WHAT YOU ARE ASKED TO DO:
A faithful copy of the data, pictures omitted, is the required answer.

SUPPLIED INFORMATION:
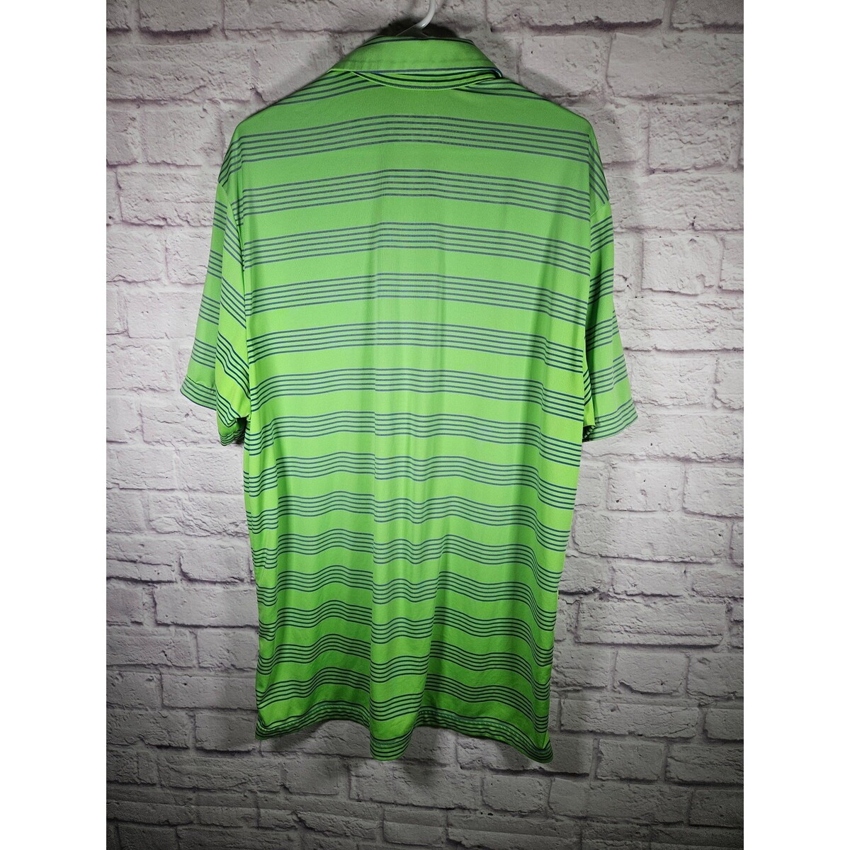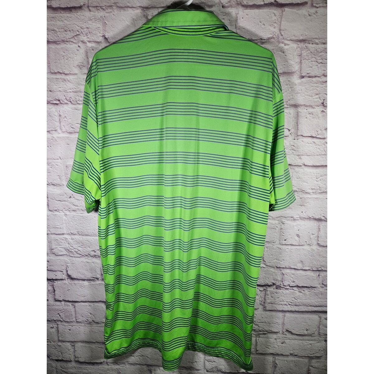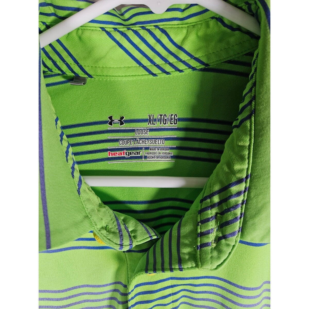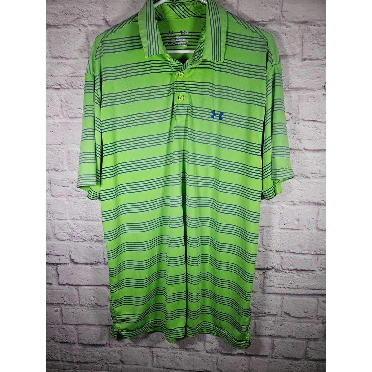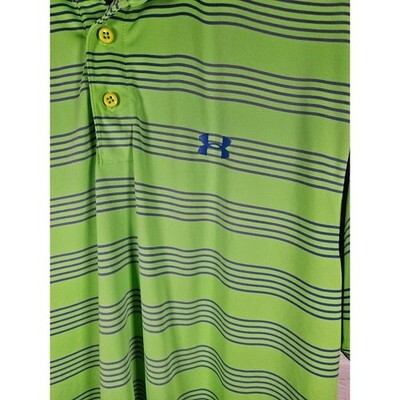 Under armour Mens SS Polo Shirt Heat Gear Bright Green Blue Stripes Size XL
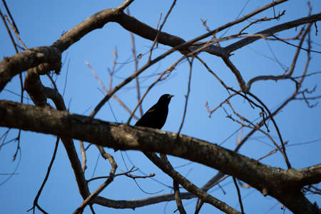 Male red-winged blackbird (Agelaius phoeniceus) looking out from a perch on a tree branch
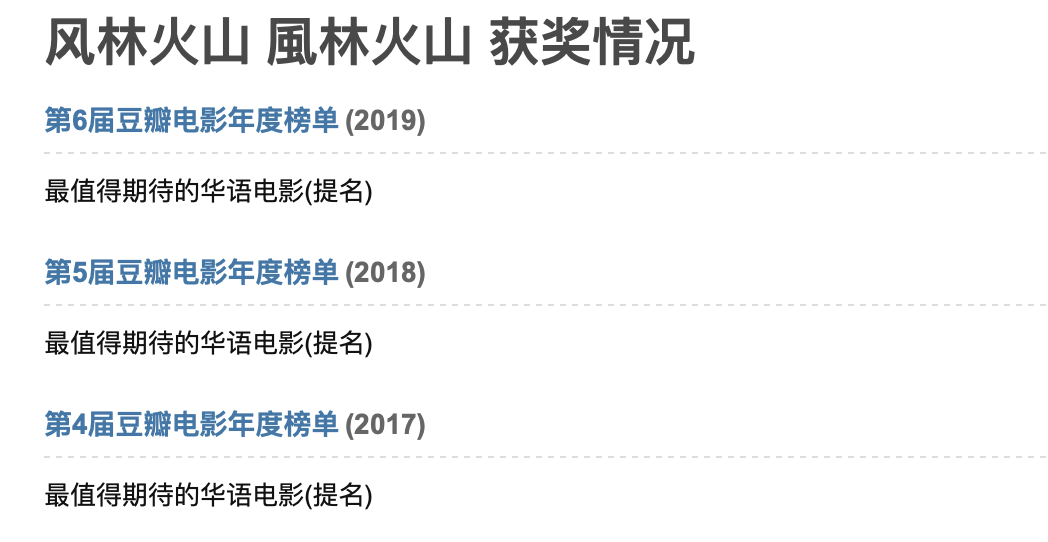 於是自2017年起,《風林火山》連續三年獲豆瓣電影年度榜單最值得期待的華語電影。

ANSWER SPACE:
 Under armour Mens SS Polo Shirt Heat Gear Bright Green Blue Stripes Size XL
 Male red-winged blackbird (Agelaius phoeniceus) looking out from a perch on a tree branch
 於是自2017年起,《風林火山》連續三年獲豆瓣電影年度榜單最值得期待的華語電影。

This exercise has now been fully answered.